● **Aim of the exercise**:
Each line of the data below from the one holding "The Buffalo Sabres" to the one holding "高待遇1600円、2/14スタート 新宿人気の仮想通貨コール", inclusive, is to be reproduced exactly; no other line belongs in the answer.

● **Available data**:
===============

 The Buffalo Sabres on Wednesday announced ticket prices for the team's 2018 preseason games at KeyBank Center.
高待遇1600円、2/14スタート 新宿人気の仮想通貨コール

===============

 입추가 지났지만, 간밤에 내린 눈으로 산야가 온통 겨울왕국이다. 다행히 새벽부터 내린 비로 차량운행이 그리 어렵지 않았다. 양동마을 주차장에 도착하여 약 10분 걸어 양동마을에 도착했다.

===============

● **Response to this exercise**:
 The Buffalo Sabres on Wednesday announced ticket prices for the team's 2018 preseason games at KeyBank Center.
高待遇1600円、2/14スタート 新宿人気の仮想通貨コール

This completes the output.